Solution Overview 🏗️

The following architectural diagram illustrates the workflow of the solution:

The workflow includes the following steps:

An S3 bucket that serves to house data, cloud formation templates, and model artefacts
An Amazon Glue Crawler which scans the data from S3 and loads it into the Athena database
An Amazon Athena database pointing to the training and inference data in S3
A training pipeline step function workflow (state space machine) which consists of Amazon Lambda triggers that run Amazon SageMaker Preprocessing and Amazon SageMaker training jobs
An inference pipeline step function workflow (state space machine) which consists of Amazon Lambda triggers that run Amazon SageMaker Preprocessing and Amazon SageMaker inference jobs

Before you get started, you will first need an AWS account setup with credentials configured, as explained in this documentation. In addition, make sure the AWS Command Line Interface AWS CLI is already installed. This tutorial assumes that you have an environment with the necessary Identity Access Management IAM permissions.

Keep in mind running this tutorial will incur charges in your AWS account!!!

A Quick Glimpse at the Data 📊

In this example, you will use a synthetic churn dataset for an imaginary telecommunications company with the outcome Churn? flagged as as either True (churned) or False (did not churn). Features include customer details such as plan and usage information. The churn dataset is publicly available and mentioned in the book Discovering Knowledge in Data) by Daniel T. Larose. It is attributed by the author to the University of California Irvine Repository of Machine Learning Datasets.

Keep in mind, that this dataset is replaceable with your own data so long as the codebase is updated to accommodate it. In other words, if your goal is to reapply this to your data, this post is the first step to getting you there! Read on and you will see how.

Launch the Solution 🚀

First clone the Github repo into a local folder.

git clone https://github.com/awslabs/aws-customer-churn-pipeline.git

In the cloned directory there should be a file called standup.sh. We will next use this script to build out the necessary infrastructure to run both the training and inference pipelines. The script only takes three commands: the name you want to give the stack and its associated resources, the stack's region, and the AWS Bucket name to house all artefacts and data. You can run the command like the following:

bash standup.sh {STACK_NAME} {S3_BUCKET_NAME} {REGION}

bash standup.sh churn-pipeline churn-pipeline-artifacts ap-southeast-2

This will then start standing-up the necessary resources in your default AWS account using calls to the AWS CLI and deploying Amazon CloudFormation templates.

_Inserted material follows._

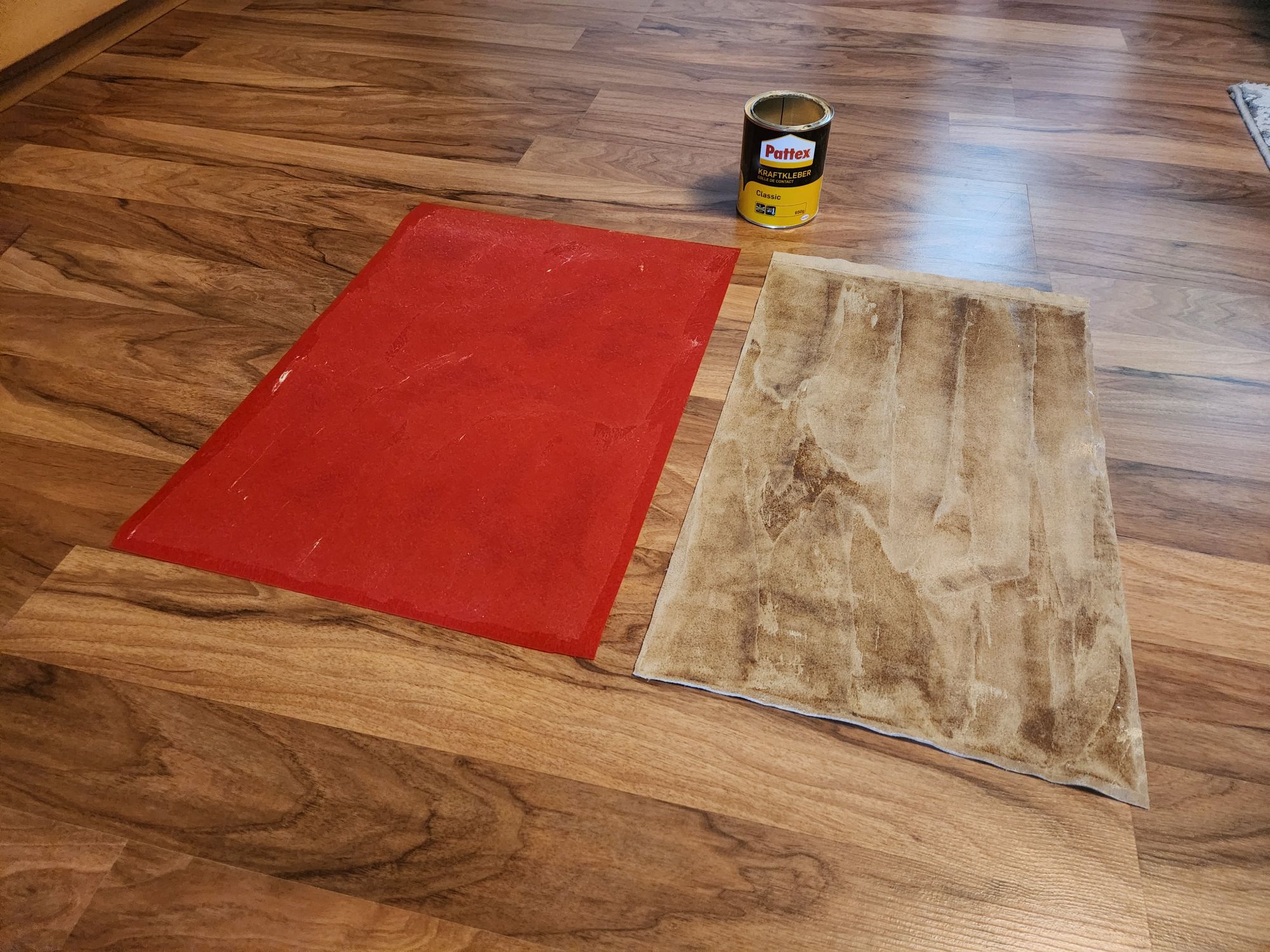 Den Futterstoff den ich bestellt habe, hatte ich mir anders vorgestellt. Ich habe Baumwollstoff bestellt da in der Anleitung von Wollstoff die Rede ist. Aber der macht nicht den Eindruck als hätte er auch nur neben Baumwolle gelegen 😂 (irgendwie wie Plastik und Hauchdünn). Ich hatte zwar schon versucht ihn mit einem speziellen Textilkleber aufs Leder zu kleben, aber das war nur eine rießen Sauerei ohne Erfolg. Der Kleber durchdrang den Stoff und da beide Kontaktflächen mit Kleber bestrichen werden sollten war es auch ein Ding der Unmöglichkeit so große Teile faltenfrei zu verkleben... Außerdem soll man später den Stoff bei den Halteriemen mit einer Zickzackschere schneiden. Da würde dieser Stoff hässlich ausfransen. Deshalb werde ich mich um was anderes umschaun. Momentan hab ich Filz im Sinn.

Specifically, this script will create:

An Amazon Athena database complete with the primary workgroup name based on the stack name
An Amazon Glue Crawler, along with an IAM role for the Crawler, to scan data and load it into the database from the designated S3 bucket
Upload the training, inference and preprocessing python scripts into your S3 bucket
Upload the AWS Step Functions pipeline.yaml into your S3 bucket
Deploy the AWS Step Functions pipelines for training and inference. This is done based on the above S3 location and creates multiple Amazon Lambda and Amazon SageMaker jobs.
Writes the stack name and region to delete_resources.sh, so that this script can later be used to tear down the AWS infrastructure

Once the standup completes, your CloudFormation console should look like the below, with all stacks showing green.

Likewise, if you go to Athena console, you will now see tables for both training and inference.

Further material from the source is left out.